Insoweit das Sachverhaltsvorbringen des Beschwerdeführers darauf abzielen sollte, durch Art. 8 MRK geschützte Interessen aufzuzeigen, vermag es der Beschwerde nicht zum Erfolg zu verhelfen, weil bei einer auf § 10 Abs. 1 Z. 3 FrG 1997 gestützten Entscheidung eine Bedachtnahme auf derartige Interessen nicht zu erfolgen hat (vgl. das bereits zitierte hg. Erkenntnis vom 28. Jänner 1999).

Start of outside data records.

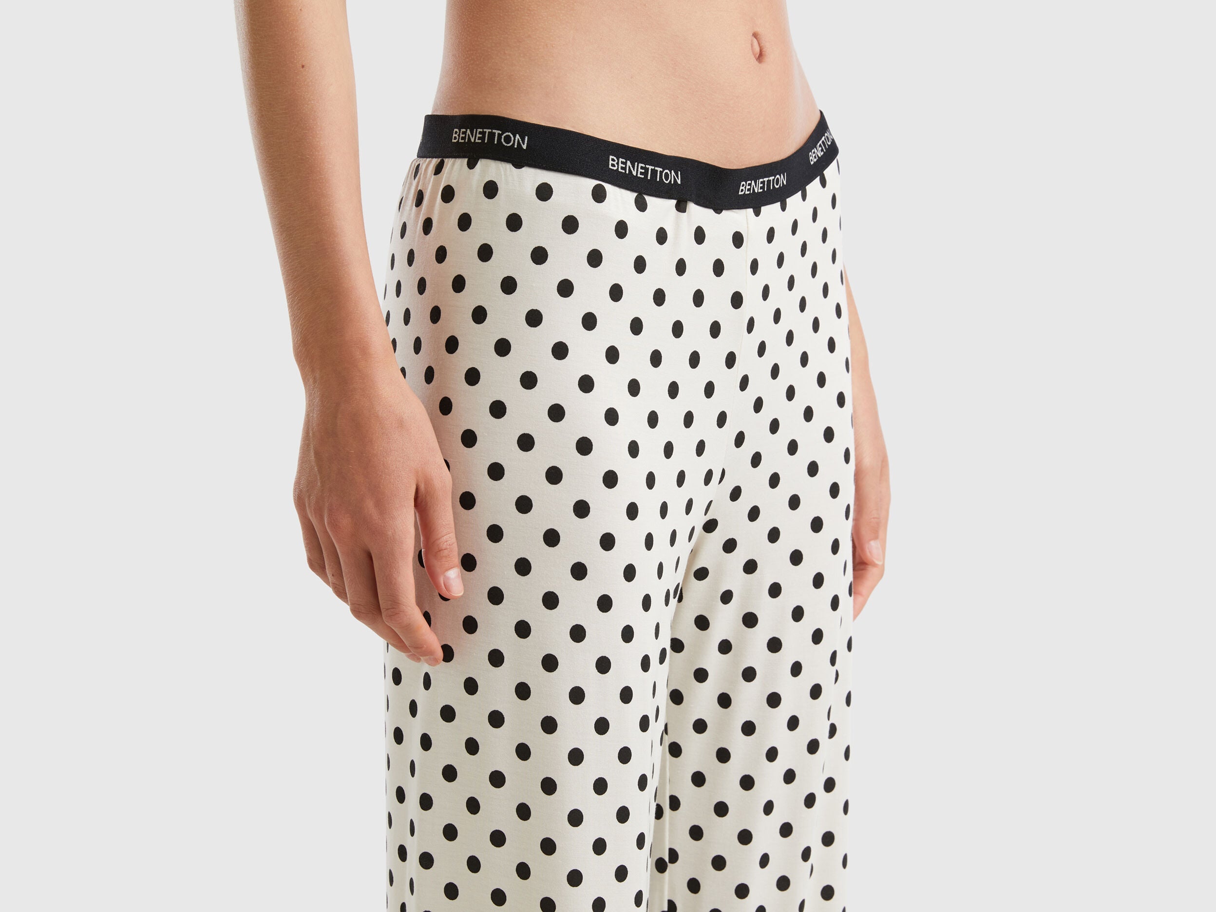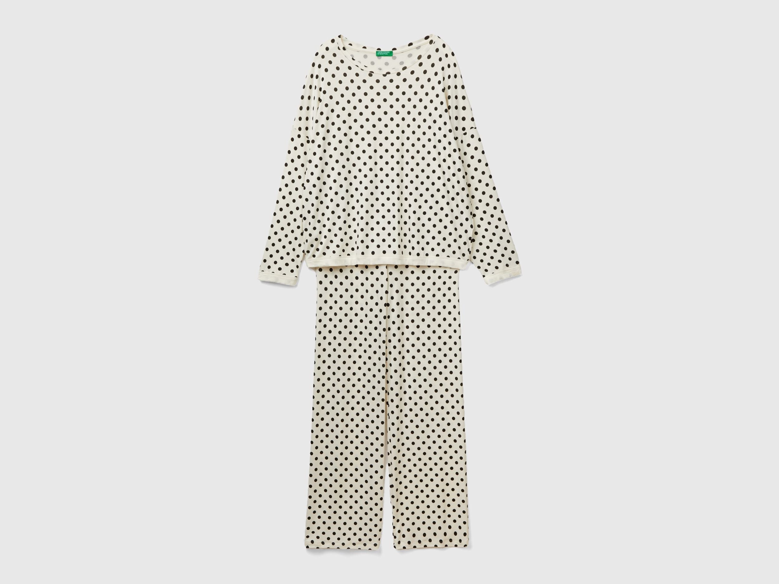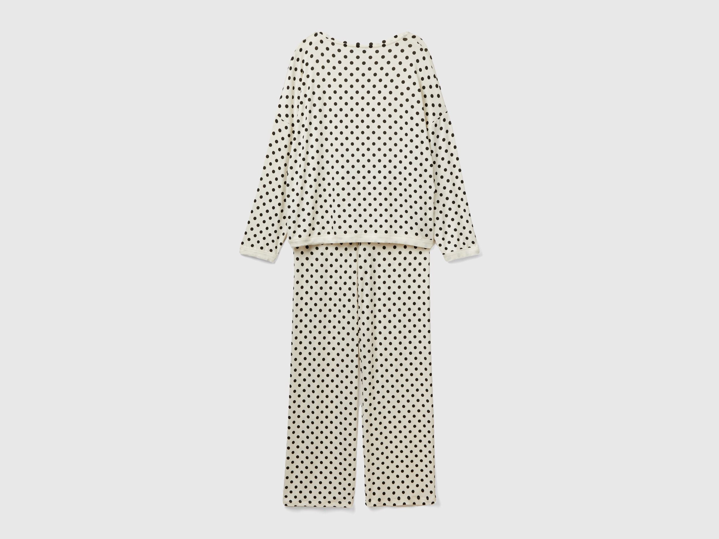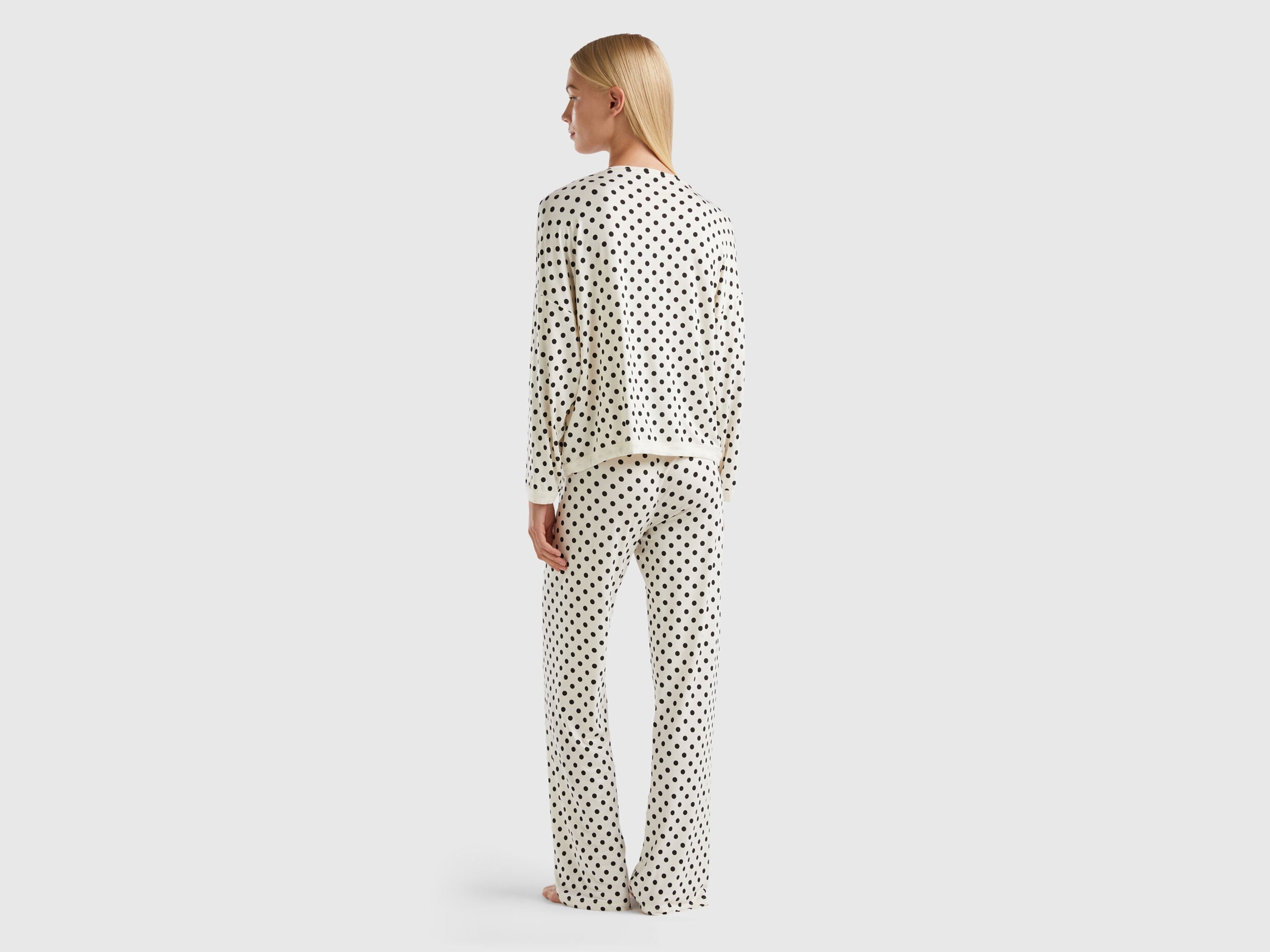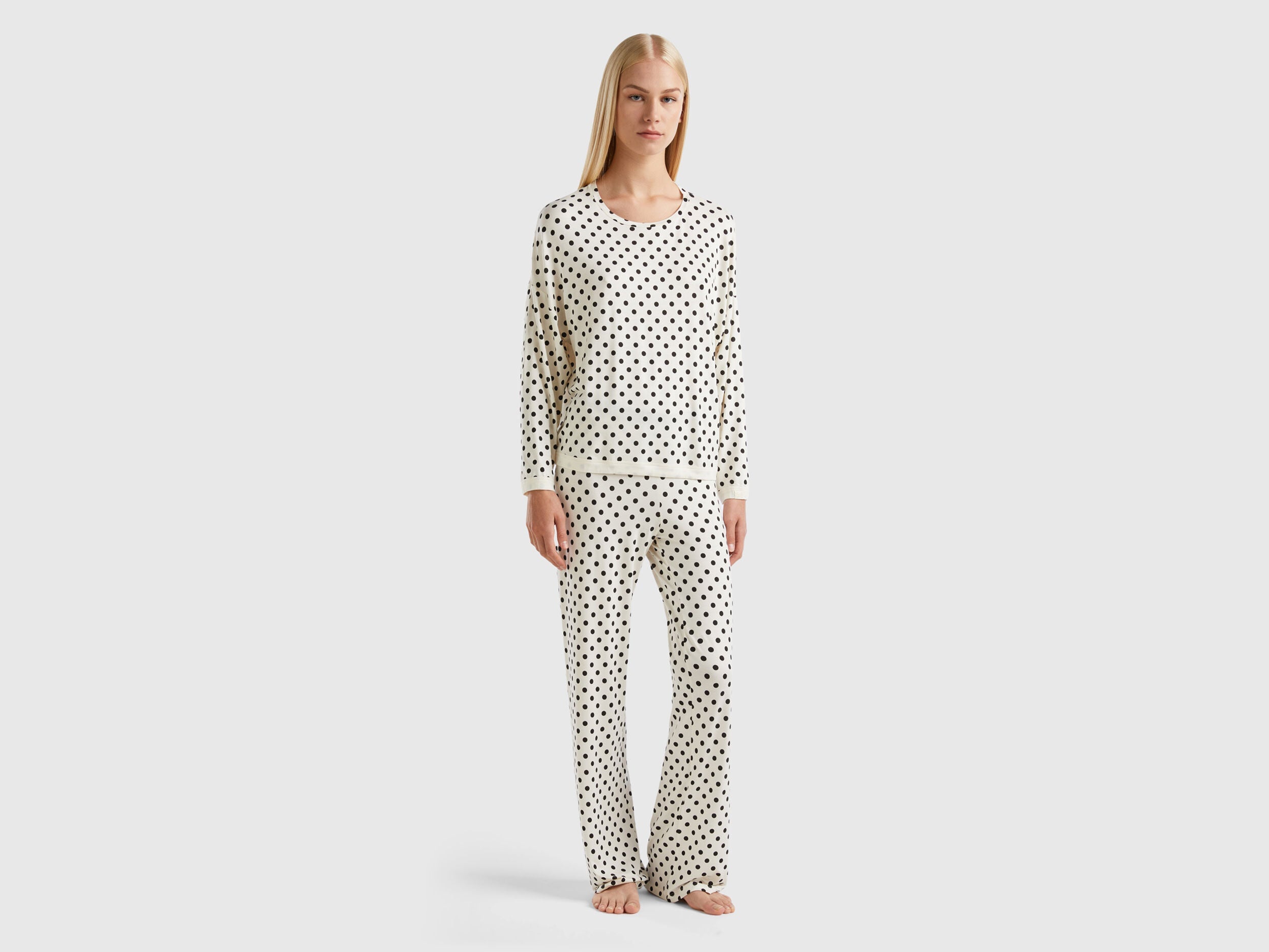 Flowy pyjamas with polka dot patterned print. Long-sleeved crew-neck top with dropped shoulders. Long bottoms with comfortable logoed elastic waistband. Made in sustainable viscose, produced using wood from certified forests and respecting the highest environmental standards.
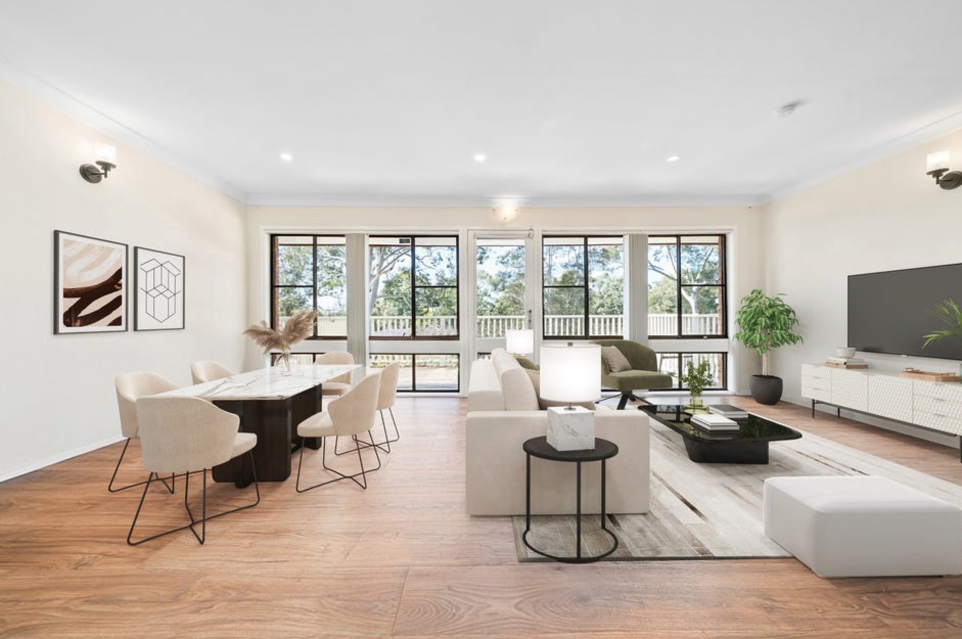 - Spacious entry opens to versatile living and rumpus areas over two levels, featuring timber floors, exposed brick accents, modern lighting, and large windows allowing an abundance of natural light throughout
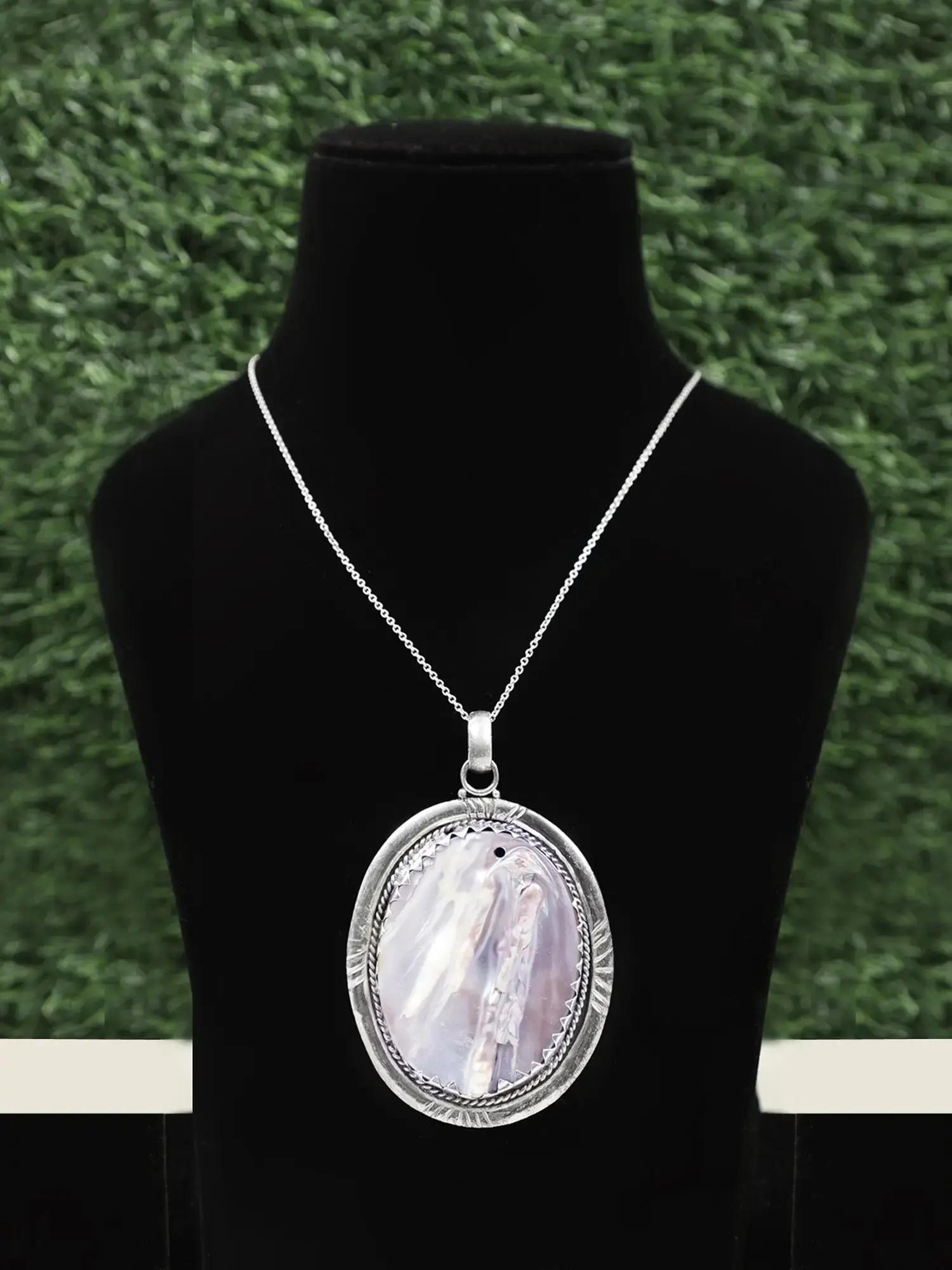 Adore yourself with timeless elegance by wearing the mother-of-pearl oval-shaped sterling silver pendant. This exquisite piece showcases a lustrous blend of sophistication and simplicity. The iridescence of the mother of pearl adds a touch of natural beauty. The pearl adds a touch of natural beauty to the pendant, while the sterling silver setting enhances its overall charm.
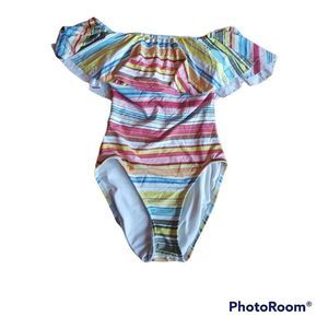 💫8×host PICK💫❤Vince Camuto one piece striped swim suit off-shoulder
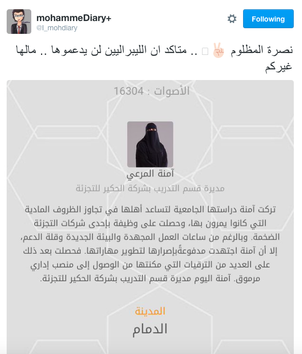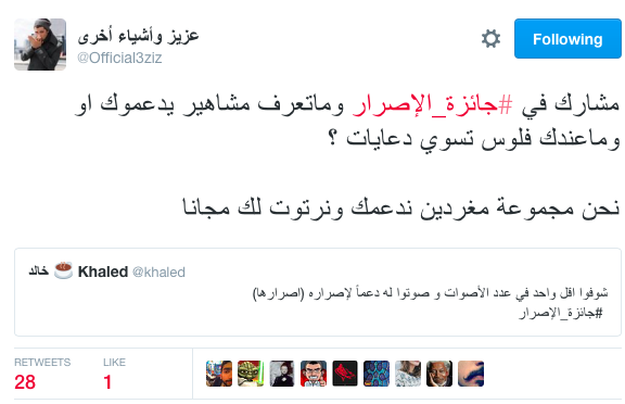 و لهذا السبب لابد أن المنظمين للجائزة لاحظو دخول أحدى مشاهير تويتر قبل توقف التصويت لهاشتاق الجائزة و طلب متابعيه التصويت
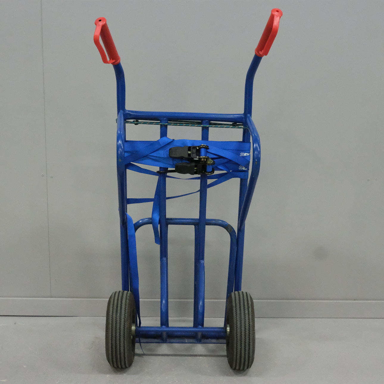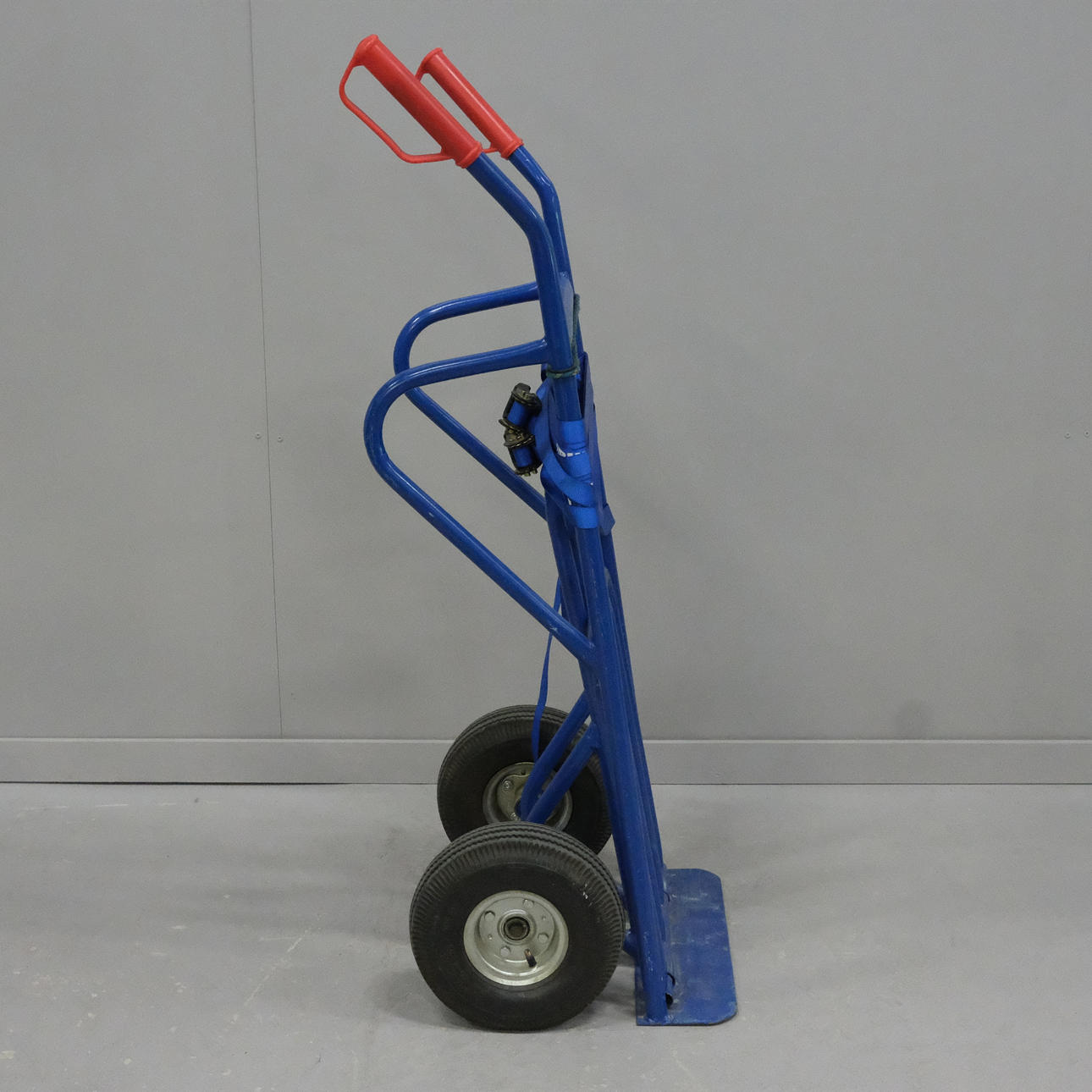 Blålackerad. Röda handtag. Medföljande två spännband. Höjd: ca 114 cm.
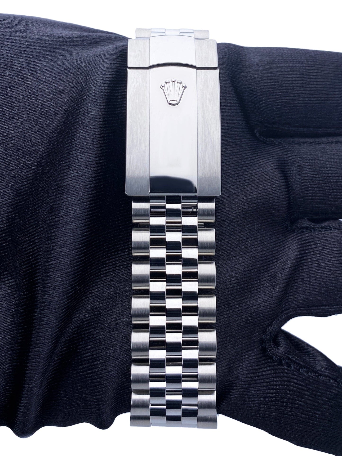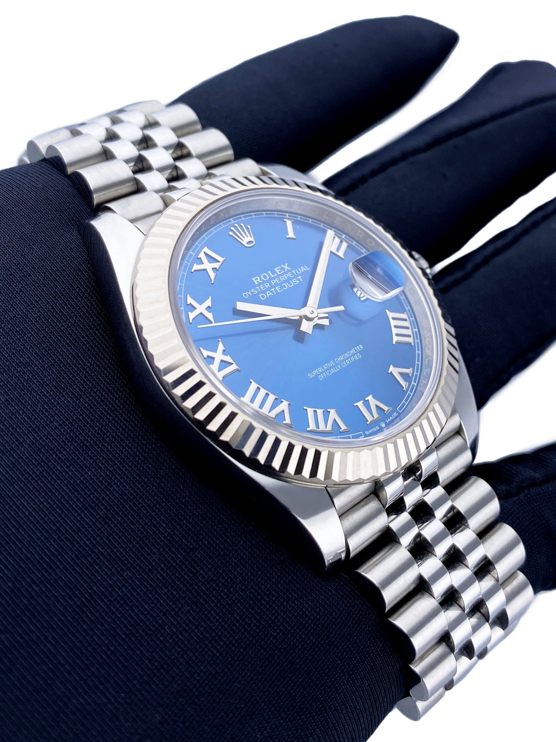 Rolex Datejust 126334 Mens Watch. 41mm stainless steel case with 18K white gold fluted bezel. Blue dial with luminous silver hands and Roman numeral hour marker. Date display at a 3 o'clock position. Stainless steel Jubilee bracelet with fold over clasp. Will fit up to a 7.5-Inch wrist. Sapphire crystal. Stainless steel case back. Automatic self-winding movement. This watch comes with original Box and Papers.
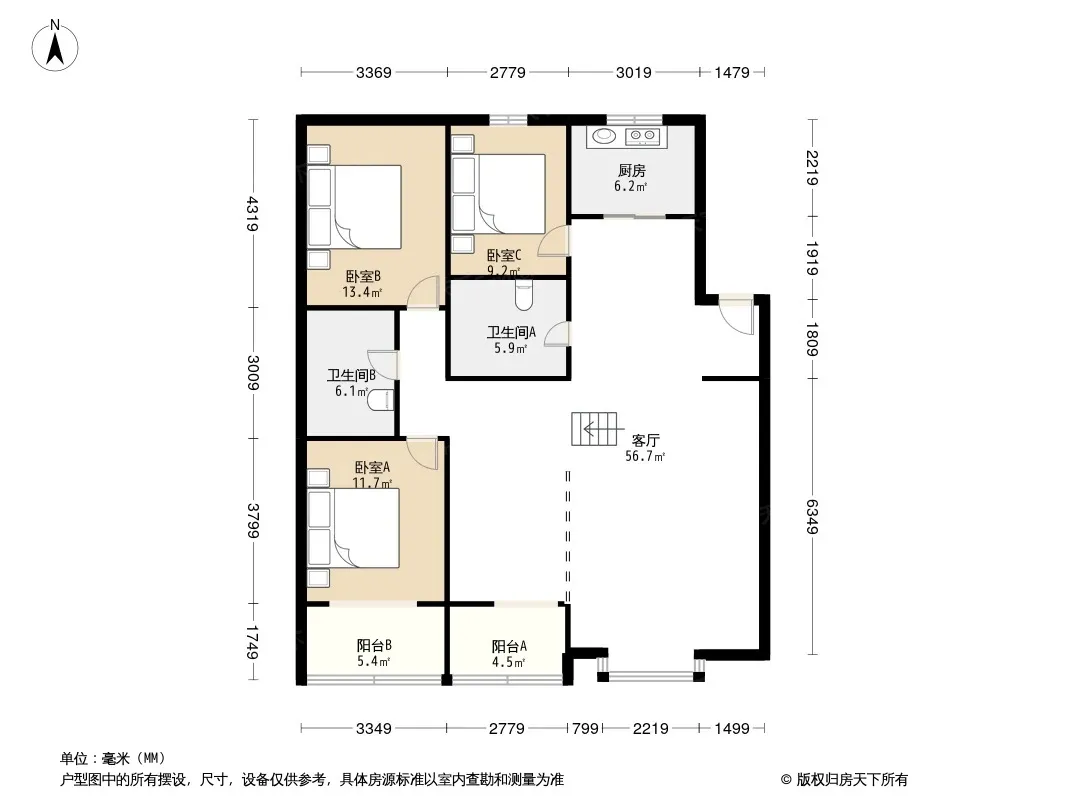 户型齐全,主打户型方正,明卫,客厅朝南三居

Sollte mit diesem Beschwerdevorbringen allerdings dargelegt werden, dass im Falle des Beschwerdeführers besonders berücksichtigungswürdige Gründe im Sinne des § 10 Abs. 4 FrG 1997 vorlägen, so ist ihm entgegenzuhalten, dass der Abweisung des gegenständlichen Antrags die in § 10 Abs. 4 FrG 1997 geschaffene Möglichkeit, unter näher umschriebenen Voraussetzungen trotz Vorliegens des in Rede stehenden Versagungsgrundes von Amts wegen eine Aufenthaltserlaubnis zu erteilen, nicht entgegensteht. Ein subjektives Recht auf Erteilung eines solchen Aufenthaltstitels gemäß § 10 Abs. 4 FrG 1997 besteht allerdings nicht. Eine Anwendung dieser Gesetzesbestimmung setzte im Übrigen das Vorliegen eines entsprechenden Sachverhaltes voraus (vgl. auch hiezu das bereits zitierte hg. Erkenntnis vom 28. Jänner 1999).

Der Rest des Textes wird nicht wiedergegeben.